(Data listing)
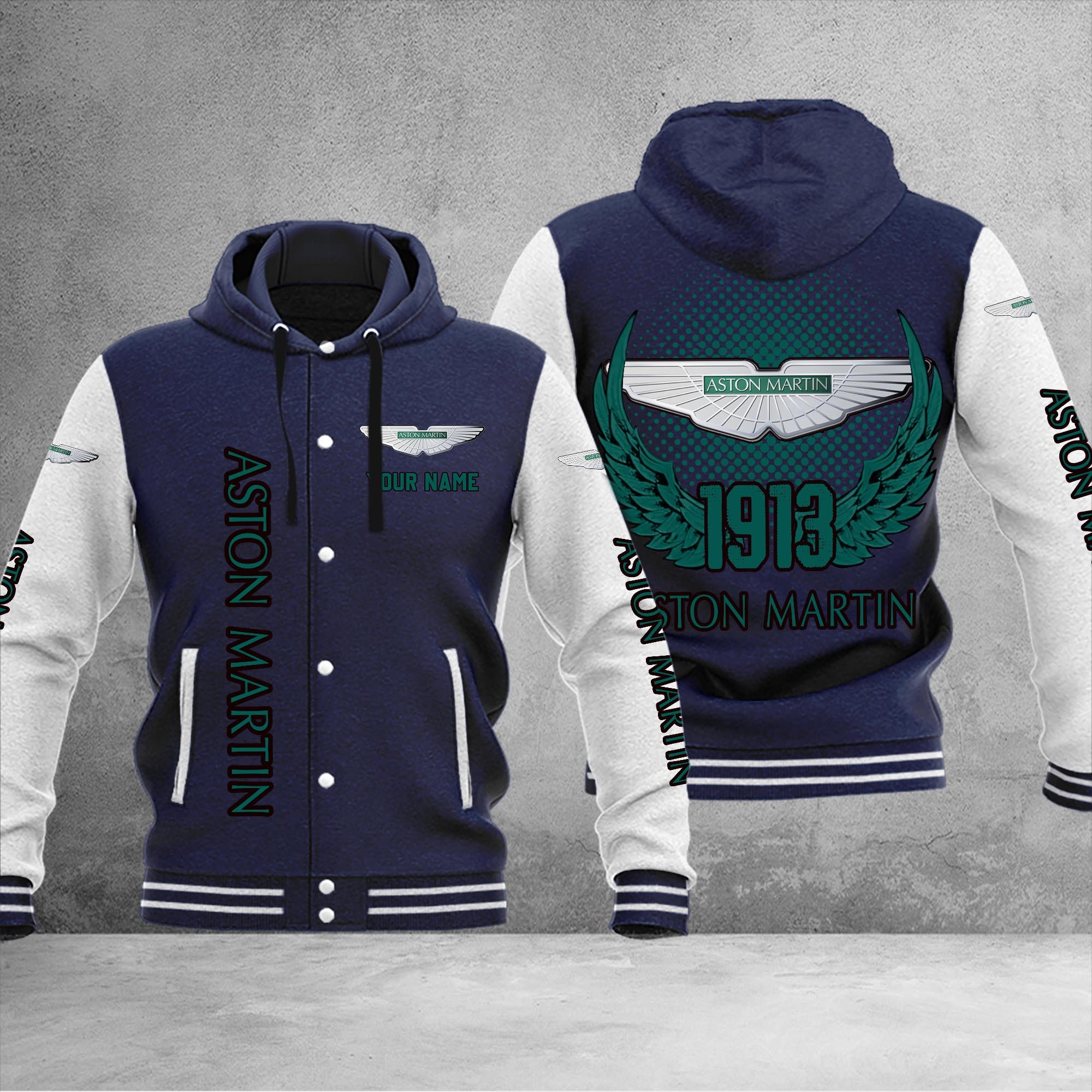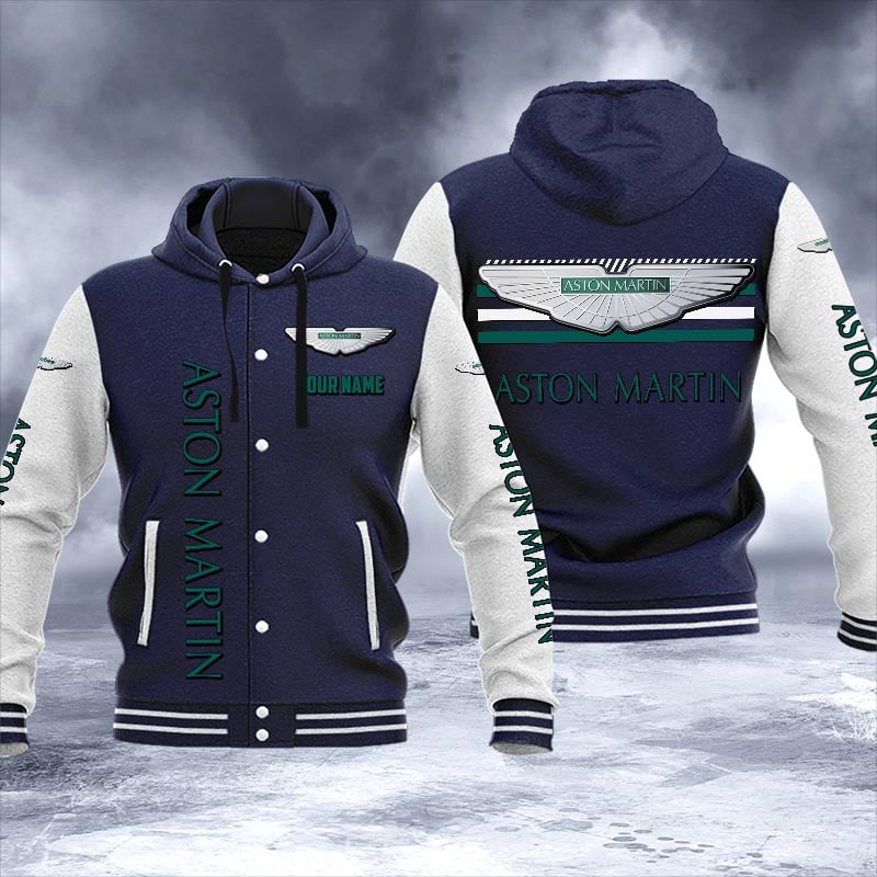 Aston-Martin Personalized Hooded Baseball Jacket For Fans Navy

---

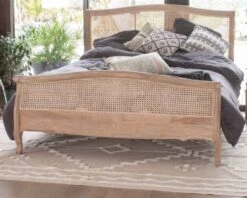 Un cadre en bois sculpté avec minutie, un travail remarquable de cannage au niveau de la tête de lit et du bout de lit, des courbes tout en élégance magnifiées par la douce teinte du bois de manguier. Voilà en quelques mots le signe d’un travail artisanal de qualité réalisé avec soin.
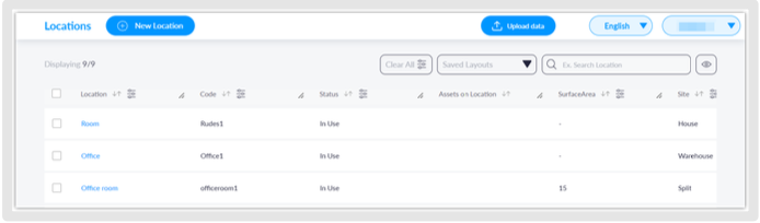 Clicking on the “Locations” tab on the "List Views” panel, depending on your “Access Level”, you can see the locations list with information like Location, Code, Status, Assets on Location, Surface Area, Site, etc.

(The task) Write out, word for word, the stretch of entries that begins at the line with "Un cadre en" and ends at the line with "Clicking on the". Pictures do not belong in it.

(Solution to this exercise)
 Un cadre en bois sculpté avec minutie, un travail remarquable de cannage au niveau de la tête de lit et du bout de lit, des courbes tout en élégance magnifiées par la douce teinte du bois de manguier. Voilà en quelques mots le signe d’un travail artisanal de qualité réalisé avec soin.
 Clicking on the “Locations” tab on the "List Views” panel, depending on your “Access Level”, you can see the locations list with information like Location, Code, Status, Assets on Location, Surface Area, Site, etc.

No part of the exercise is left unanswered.